Prince George’s schools’ new CEO excited, with little time to prepare

WASHINGTON – The first day of class for kids in Prince George’s County is August 19. The newly-appointed chief executive officer, Dr. Kevin Maxwell, could have less than three full weeks to get ready for the big day.

Maxwell says he would like to start by August 1, but his contract s still being finalized.

Maxwell’s appointment was controversial — some community groups said they felt shut out of the selection process. Despite the controversy, Maxwell says he’s excited about getting to work.

“Knowing that everybody wants what’s best for children and what’s best for Prince George’s County makes me very optimistic we’ll be able to work through those structural issues,” Maxwell says.
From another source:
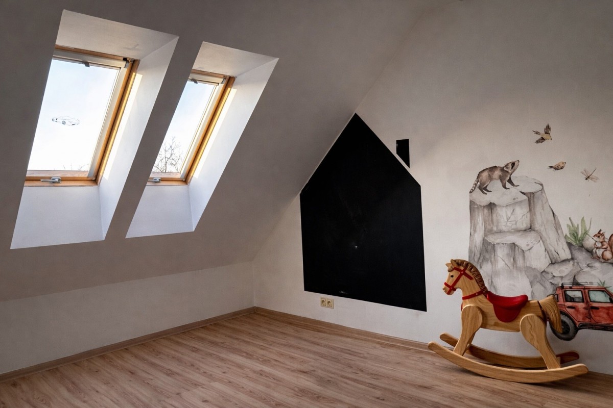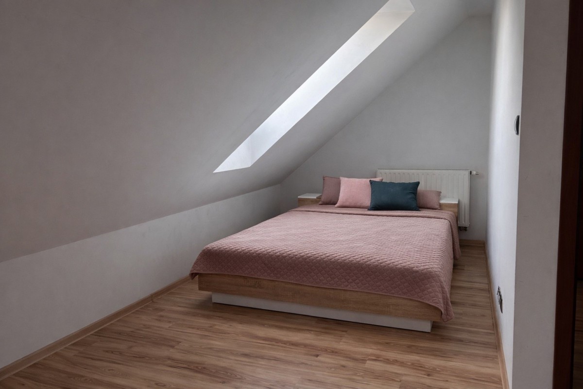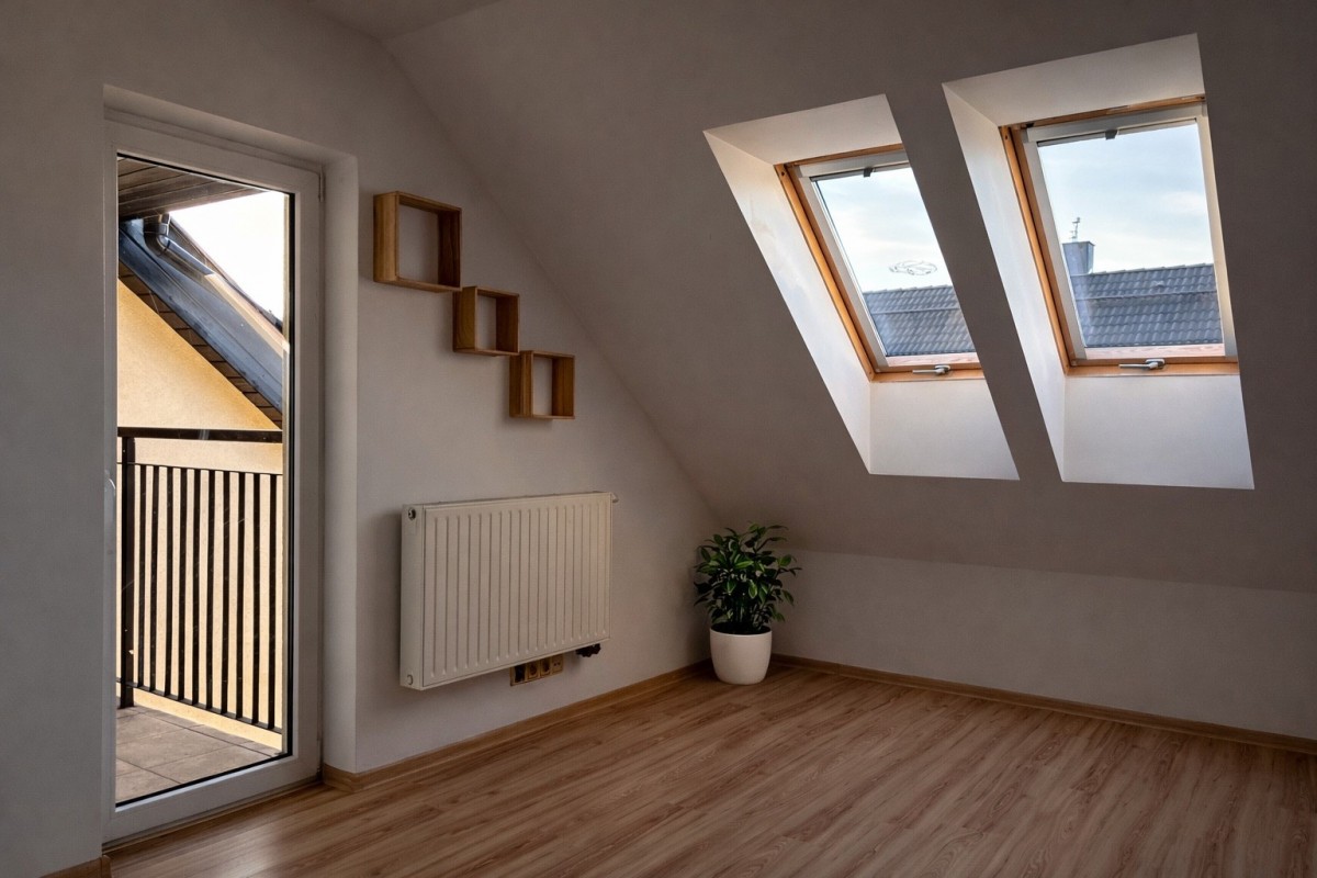Nieruchomość wyróżnia się praktycznym układem pomieszczeń, dwoma balkonami oraz dodatkową przestrzenią magazynową na strychu.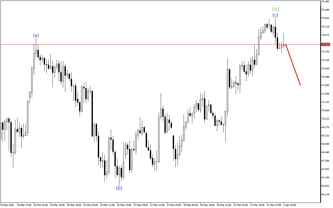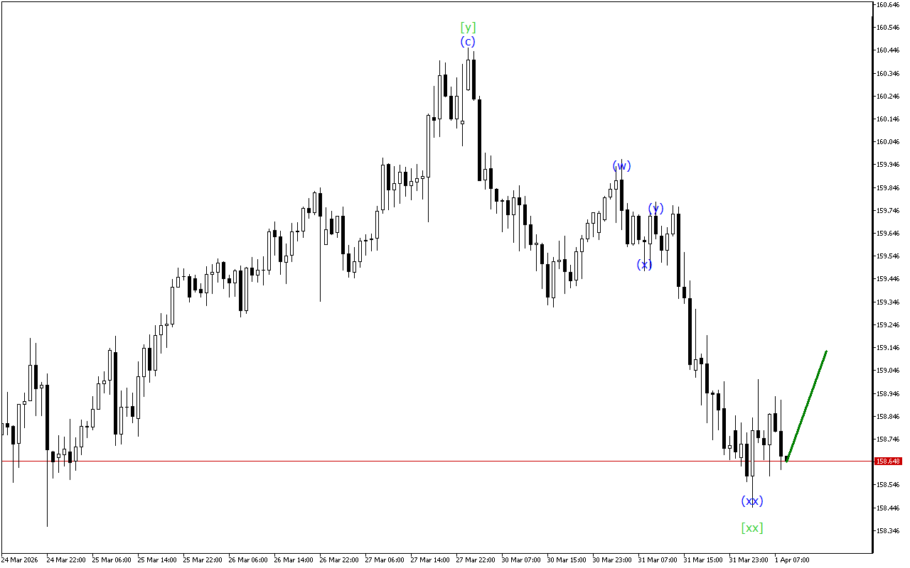 Ang mga alon ng mas mababang time-frame ay bumubuo ng triple three. Ang presyo ay kasalukuyang nasa wave (z). Kapag natapos na ang alon na ito, inaasahan ang isang mas direksyong paggalaw ng presyo.

Among the first thing to get his attention: the quality of instruction across the county’s school system. Maxwell wants to make sure there is consistency in what is taught.

“That doesn’t mean that you have to have everything completely scripted,” he says.

Maxwell explains some flexibility has to be given so teachers can tailor instruction to the abilities and needs of their students. “But, you still have to get to the end. You have to get covered what you need covered,” he says.

Maxwell is leaving Anne Arundel County to go to Prince George’s where he attended elementary, middle and high school.

Last week, when his appointment was officially announced, Maxwell said he looked forward to “spending the rest of his life” working in Prince George’s where he lives.

When asked if he was recruited for a predetermined number of years, Maxwell said no, but added he hopes to get his contract renewed in four years. That would give him two four-year contracts.

Referring to the committee that recruited him he said, “They were very clear that they want to stop this turnover. I’ll be the eighth superintendent in 14 years.”

Maxwell’s departure from the Anne Arundel County school system came as a surprise to officials there. His contract in Anne Arundel requires that he give the school board three month’s notice — his departure was made public when it was leaked prior to Friday’s announcement in Hyattsville, Md.

WTOP’s Kate Ryan contributed to this story.